On 22 January 2023, the Financial Reporting Council (FRC) published a revised version of the UK Corporate Governance Code (the 2024 Code) with the aim of supporting growth and encouraging investment in the UK market (see FRC announcement). The UK Corporate Governance Code applies to all UK premium listed companies, regardless of place of incorporation, and such companies must state in their Annual Report how they have complied with its principles.

The FRC has taken a targeted approach to the revisions, with particular focus being paid to company practice related to risk management and internal controls. The FRC has stated that updates have been kept to the minimum necessary to ensure that a balance is struck between enhancing trust and confidence in UK public companies for investors while ensuring that unnecessary burden is not placed on businesses.

Of particular note, there is a welcome emphasis on the "comply or explain" regime which is currently applicable to UK premium listed companies. This regime provides boards of UK premium listed companies with flexibility and enables them to deviate from designated standards of corporate governance as and when it can be justified.

The 2024 Code will be rolled-out in stages, with all sections save for the amendments to Provision 29 to apply from the financial year beginning 1 January 2025 and the amended Provision 29 to apply from the financial year beginning 1 January 2026. The current version of the UK Corporate Governance Code (the 2018 Code) will apply in the interim.

Background

The updates contained in the 2024 Code follow an intensive review of the 2018 Code which began with the FRC's publication of a consultation paper on proposed revisions to the 2018 Code on 23 May 2023. This consultation was part of a set of FRC reforms aimed at restoring trust in audit and corporate governance.

Key Updates

Board leadership and company purpose

  • A new Principle C is included, which takes a purpose-based approach to governance reporting. This Principle states that companies should focus on board decisions and their outcomes when assessing and reporting on its governance practices. It also reiterates that where the board reports on any departures from the provisions of the 2024 Code, it should provide a clear explanation for such departures.
  • Provision 2 has been amended to state that boards should assess and monitor the company's culture, as well as how its desired culture has been embedded in the company.

Composition, succession and evaluation

  • Principle J has been amended to state that appointments to the board and succession planning for the board and senior management should promote diversity, inclusion and equal opportunity. The list of diversity characteristics has been removed to reflect the fact that diversity policies can be wide ranging.
  • Provision 23 has been amended to take into account the fact that companies may have additional initiatives in place alongside their diversity and inclusion policy.

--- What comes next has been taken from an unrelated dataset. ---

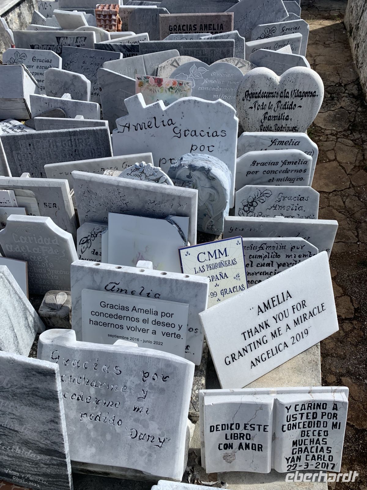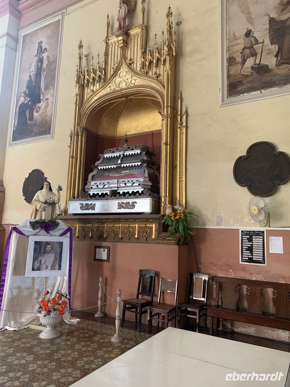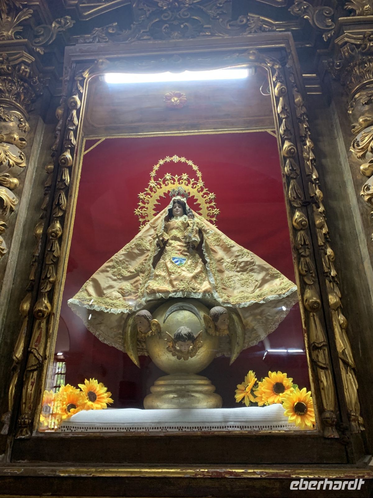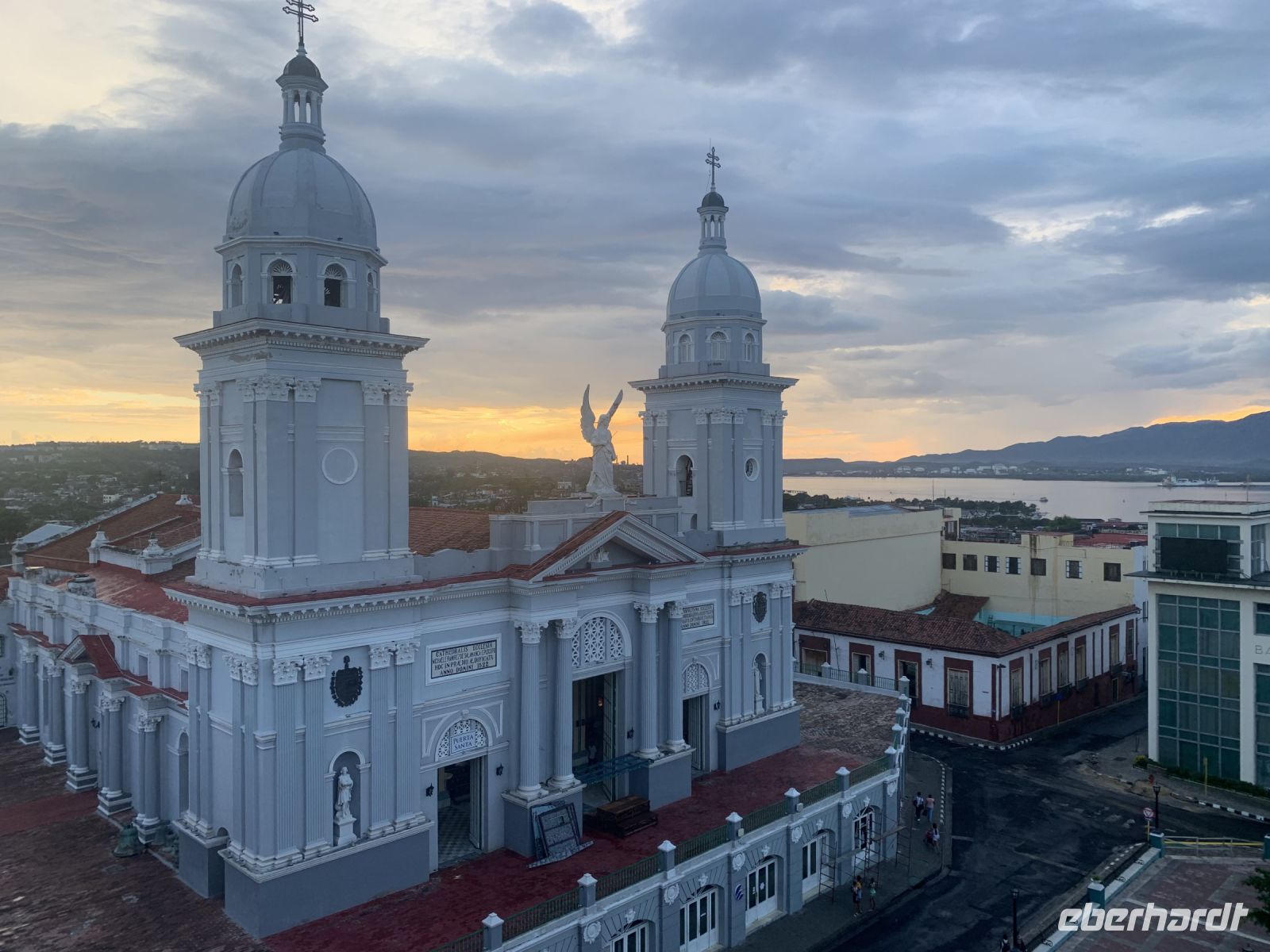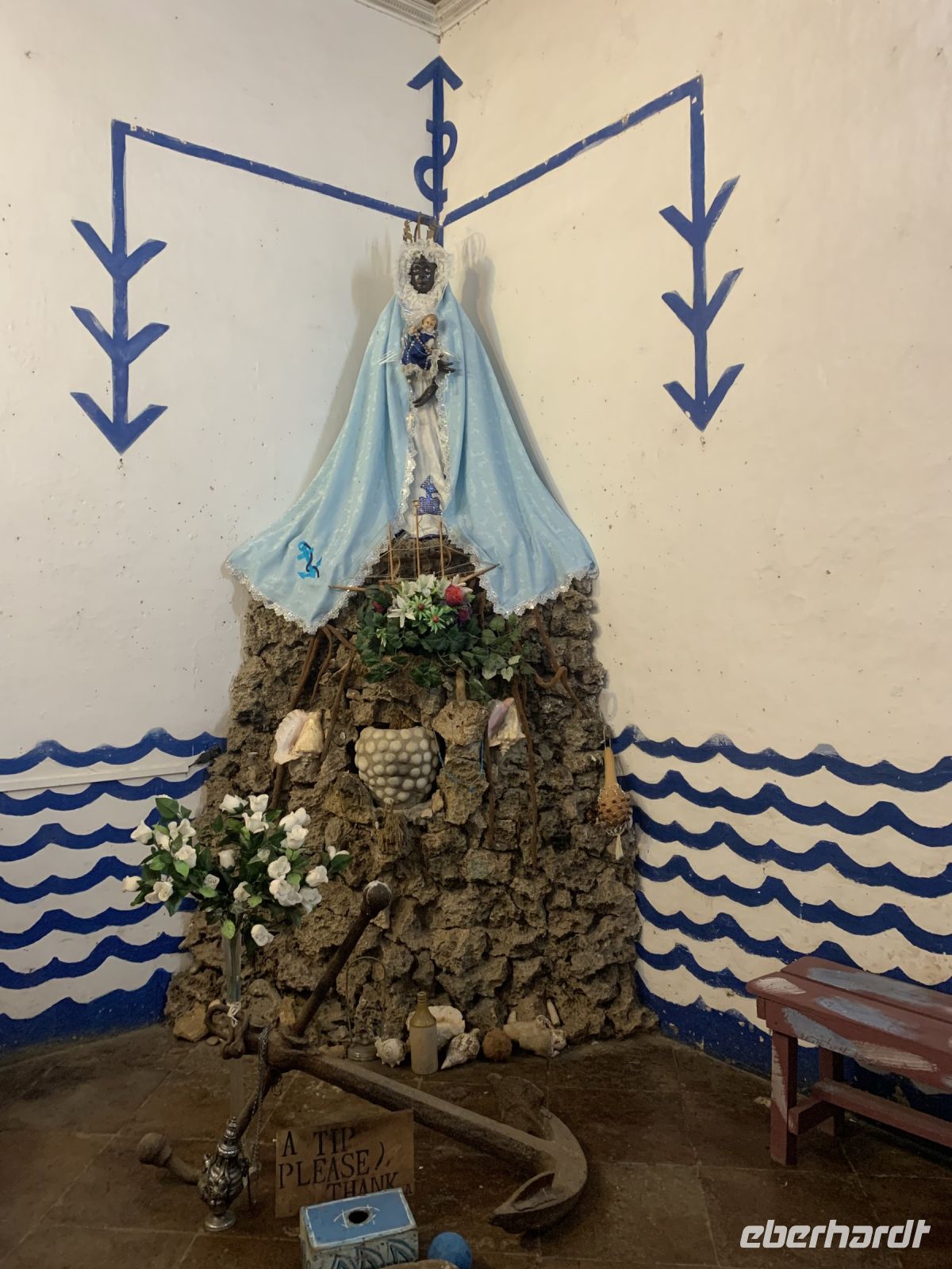 Die nächste Einkehr haben wir in der Wallfahrtskirche El Cobre mit der Nationalheiligen, der Jungfrau von El Cobre. Die kleine Heilige in ihrem gelben Umhang scheint sehr wundertätig zu sein, denn ihr werden zahlreiche Devotionalien dargebracht um sich für erfüllte Wünsche zu bedanken und sie freundlich zu stimmen. Ernest Hemingway widmete ihr seine Nobelpreisplakette, Fidels Mutter hinterlege Basebälle.

Audit, risk and internal control

  • Principle O has been amended to widen a board's responsibility for risk management and internal control. The board must not only establish an effective risk management and internal control framework, but must also maintain the effectiveness of such framework on an ongoing basis.
  • Provision 25 and Provision 26 have been amended to reflect the FRC's Audit Committees and the External Audit: Minimum Standard. Certain provisions relating to audit committees have also been removed, to avoid unnecessary duplication of the Audit Committees and the External Audit: Minimum Standard within the 2024 Code.
  • Provision 29 has been amended to clarify the board's accountability for ensuring that its risk management and internal control framework is effective. It states that the board should review this framework at least annually, with its review to cover all material controls including financial, operational, reporting and compliance controls. A description of how the board has reviewed its risk management and internal control framework, together with a declaration of the effectiveness of its material controls, should be included in the Annual Report.

Remuneration

  • Provision 37 has been amended to state that all agreements and documents which cover director remuneration should include malus and clawback provisions.
  • A new Provision 38 has been included, which asks companies to include a description of its malus and clawback provisions in its Annual Report. This description should include the circumstances in which such provisions could be used, the period for malus and clawback and why such period is suitable, and whether any malus and clawback provisions were used in the last reporting period together with an explanation as to the reasons for their use, if applicable.

Key Dates

29 January 2024 – the FRC is expected to publish digitally accessible guidance on the 2024 Code. This guidance will not form part of the 2024 Code but will be designed to assist a Board's understanding of the 2024 Code and how it can ensure compliance.

30 January 2024 – The FRC will host a deep-dive webinar on the changes to internal controls provisions in the 2024 Code. This webinar can be accessed here.

1 January 2025 – The 2024 Code (save for the updated Provision 29) will apply to financial years beginning on or after 1 January 2025. Provision 29 of the 2018 Code continues to apply.

1 January 2026 – Provision 29 will apply to financial years beginning on or after 1 January 2026. At this point, the 2024 Code will apply in its entirety.

The content of this article is intended to provide a general guide to the subject matter. Specialist advice should be sought about your specific circumstances.